• _TASK INSTRUCTIONS_
No pictures belong in the copy. Reproduce exactly the lines beginning at the line containing "第二阶段由导师组龚会莲老师传" and continuing to the end of the entries below.

• • • • • • •

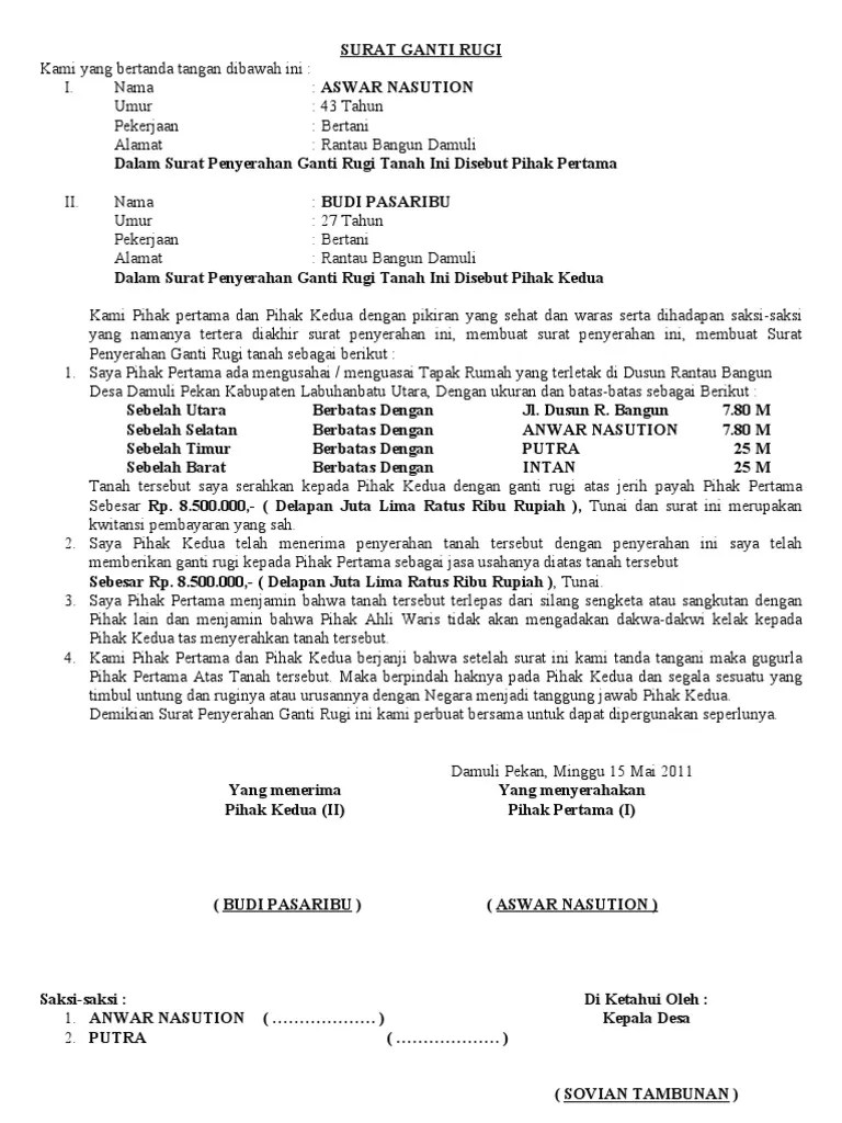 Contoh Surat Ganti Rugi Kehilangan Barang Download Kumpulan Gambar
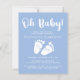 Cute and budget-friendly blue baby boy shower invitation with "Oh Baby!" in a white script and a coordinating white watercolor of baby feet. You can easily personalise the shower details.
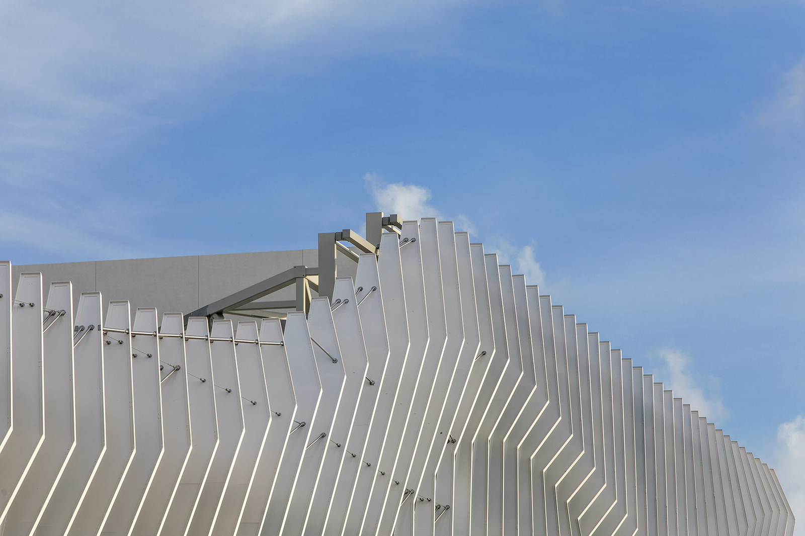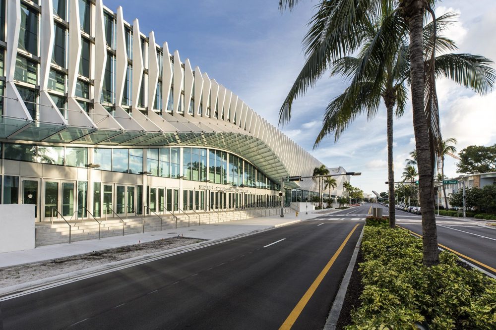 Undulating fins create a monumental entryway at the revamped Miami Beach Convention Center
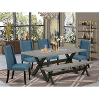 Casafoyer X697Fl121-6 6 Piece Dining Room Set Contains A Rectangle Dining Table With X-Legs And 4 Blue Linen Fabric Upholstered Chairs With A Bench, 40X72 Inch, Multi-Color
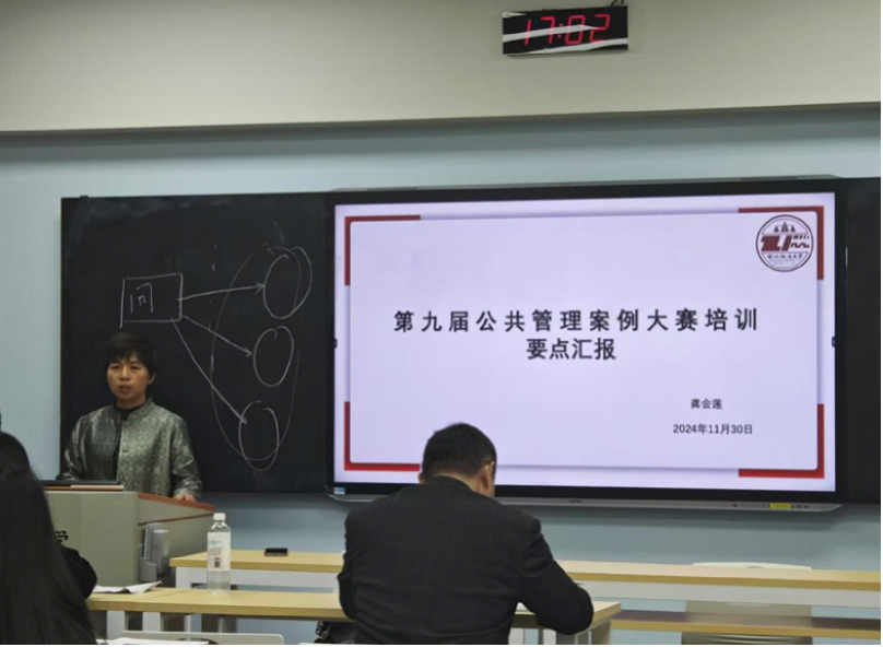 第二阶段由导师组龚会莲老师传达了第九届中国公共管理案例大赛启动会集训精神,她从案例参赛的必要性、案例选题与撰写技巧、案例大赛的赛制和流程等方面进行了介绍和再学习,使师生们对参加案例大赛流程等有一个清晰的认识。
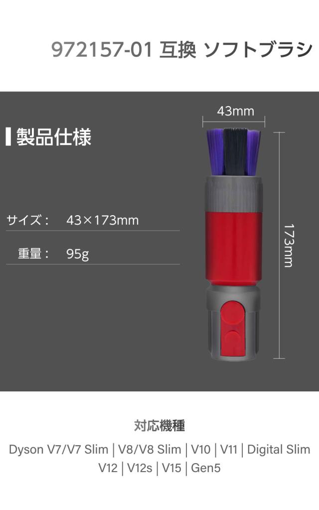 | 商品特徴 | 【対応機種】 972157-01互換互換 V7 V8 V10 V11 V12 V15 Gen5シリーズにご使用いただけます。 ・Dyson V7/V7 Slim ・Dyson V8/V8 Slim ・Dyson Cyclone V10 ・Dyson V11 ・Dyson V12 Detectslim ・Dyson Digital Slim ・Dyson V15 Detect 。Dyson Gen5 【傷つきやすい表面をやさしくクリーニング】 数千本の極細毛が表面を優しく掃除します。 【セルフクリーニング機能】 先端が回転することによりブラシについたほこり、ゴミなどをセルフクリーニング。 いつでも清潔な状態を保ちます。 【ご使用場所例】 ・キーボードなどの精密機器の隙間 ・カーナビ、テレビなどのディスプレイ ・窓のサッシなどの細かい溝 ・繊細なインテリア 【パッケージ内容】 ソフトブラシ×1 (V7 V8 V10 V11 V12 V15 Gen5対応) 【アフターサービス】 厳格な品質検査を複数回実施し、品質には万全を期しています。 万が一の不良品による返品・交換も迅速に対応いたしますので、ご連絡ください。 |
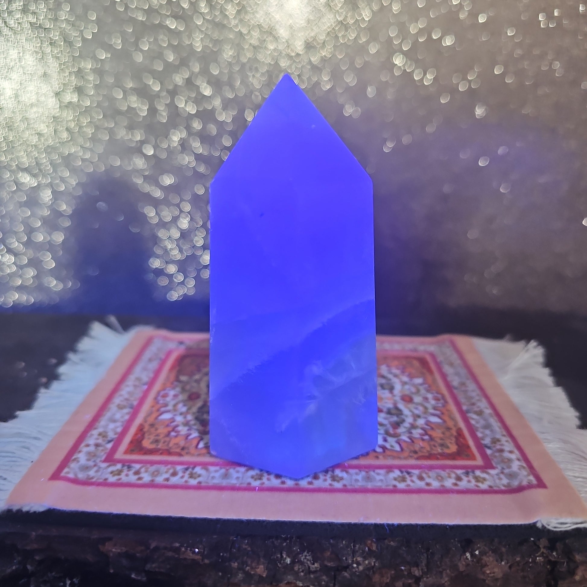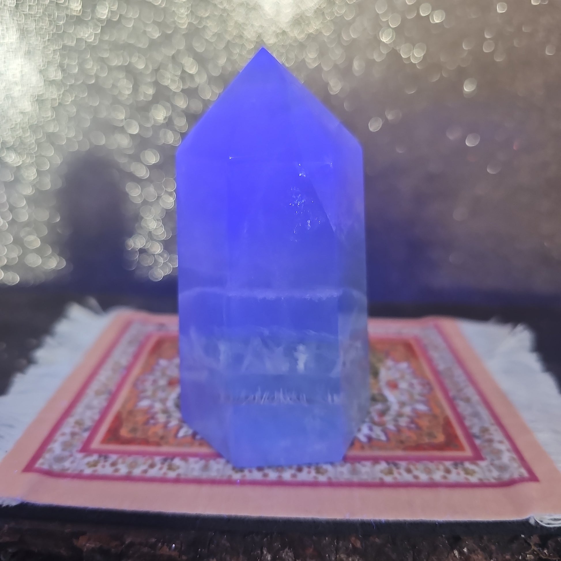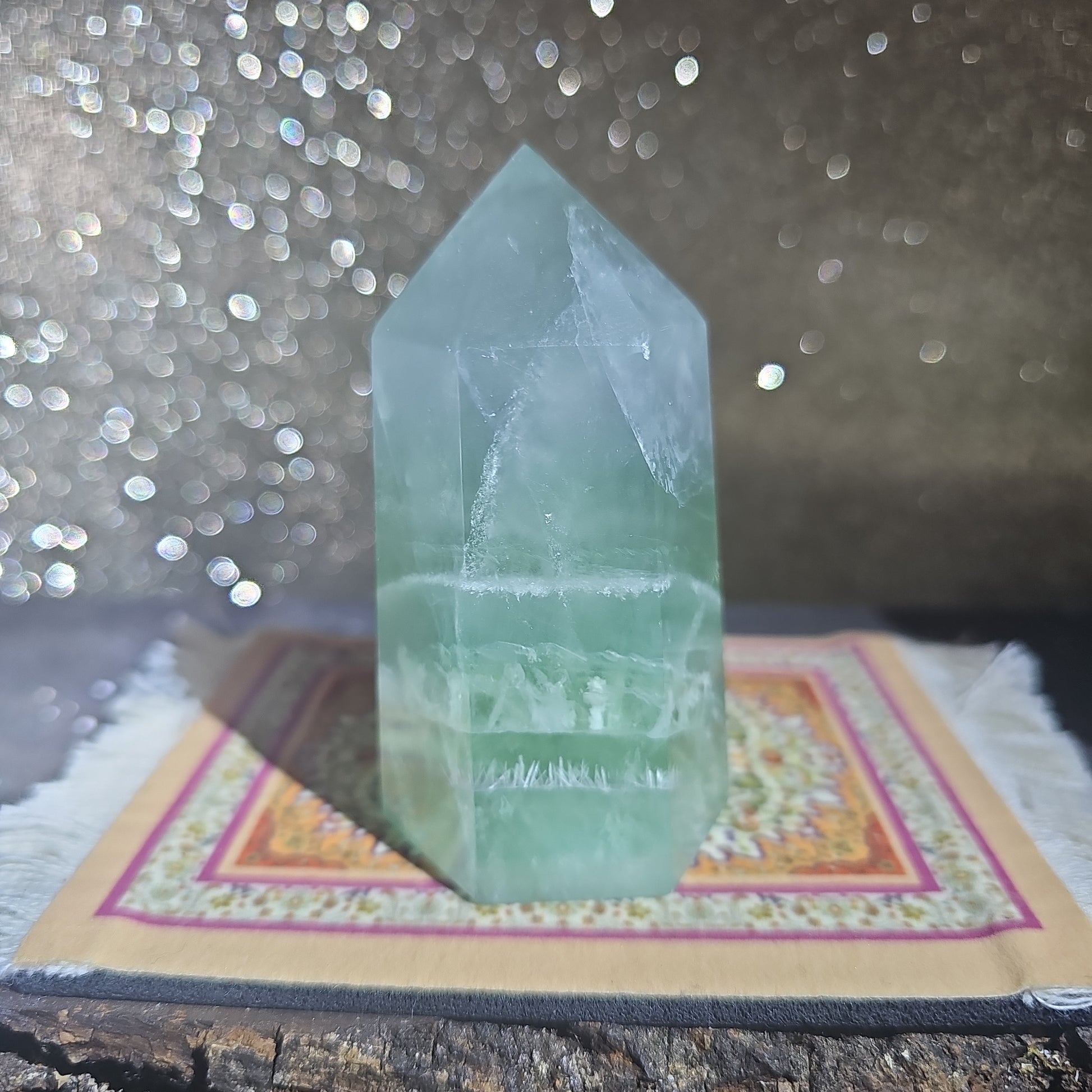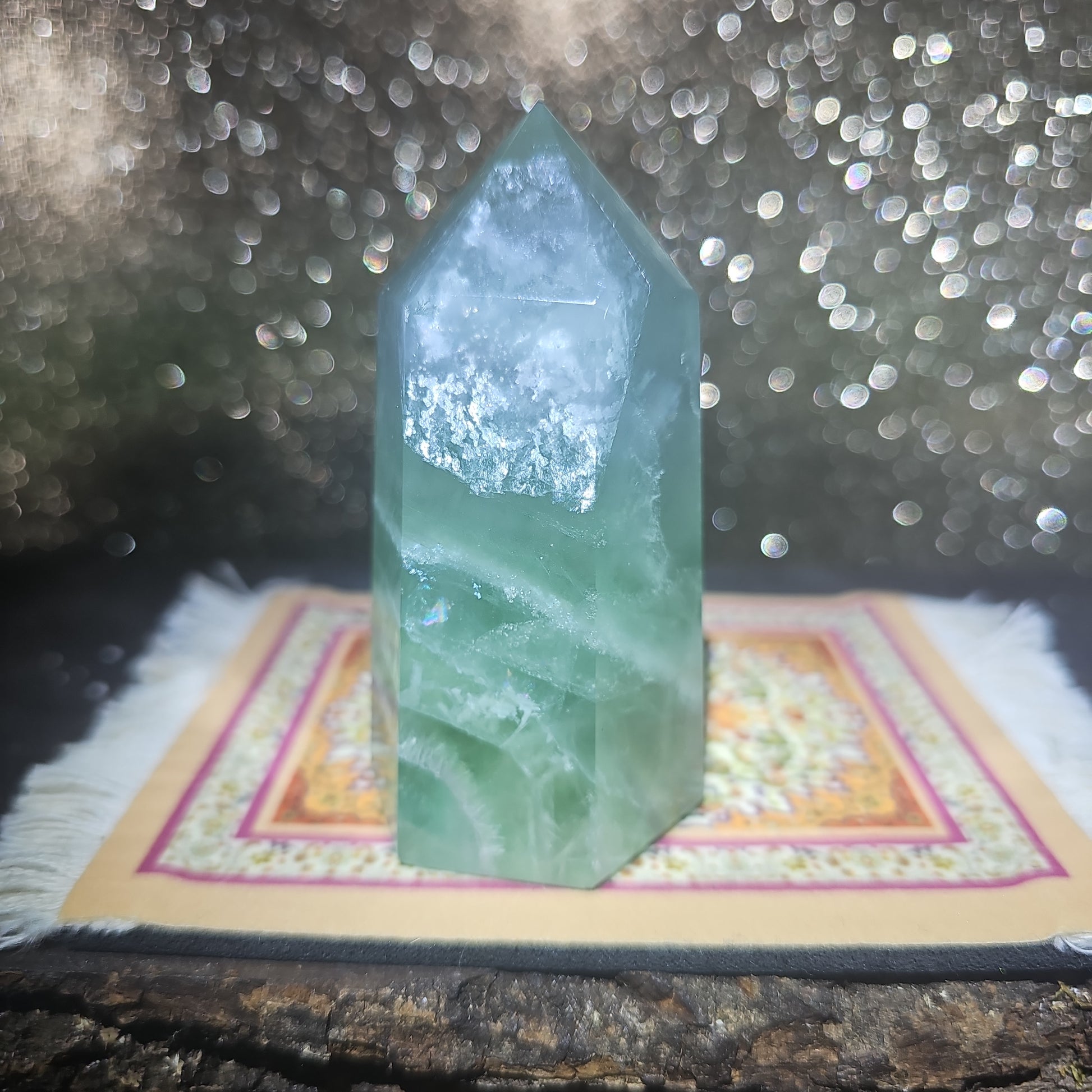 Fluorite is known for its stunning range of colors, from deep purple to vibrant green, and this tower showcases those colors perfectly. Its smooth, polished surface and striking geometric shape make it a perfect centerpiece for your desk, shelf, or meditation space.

• • • • • • •

• _SOLUTION_
 第二阶段由导师组龚会莲老师传达了第九届中国公共管理案例大赛启动会集训精神,她从案例参赛的必要性、案例选题与撰写技巧、案例大赛的赛制和流程等方面进行了介绍和再学习,使师生们对参加案例大赛流程等有一个清晰的认识。
 | 商品特徴 | 【対応機種】 972157-01互換互換 V7 V8 V10 V11 V12 V15 Gen5シリーズにご使用いただけます。 ・Dyson V7/V7 Slim ・Dyson V8/V8 Slim ・Dyson Cyclone V10 ・Dyson V11 ・Dyson V12 Detectslim ・Dyson Digital Slim ・Dyson V15 Detect 。Dyson Gen5 【傷つきやすい表面をやさしくクリーニング】 数千本の極細毛が表面を優しく掃除します。 【セルフクリーニング機能】 先端が回転することによりブラシについたほこり、ゴミなどをセルフクリーニング。 いつでも清潔な状態を保ちます。 【ご使用場所例】 ・キーボードなどの精密機器の隙間 ・カーナビ、テレビなどのディスプレイ ・窓のサッシなどの細かい溝 ・繊細なインテリア 【パッケージ内容】 ソフトブラシ×1 (V7 V8 V10 V11 V12 V15 Gen5対応) 【アフターサービス】 厳格な品質検査を複数回実施し、品質には万全を期しています。 万が一の不良品による返品・交換も迅速に対応いたしますので、ご連絡ください。 |
 Fluorite is known for its stunning range of colors, from deep purple to vibrant green, and this tower showcases those colors perfectly. Its smooth, polished surface and striking geometric shape make it a perfect centerpiece for your desk, shelf, or meditation space.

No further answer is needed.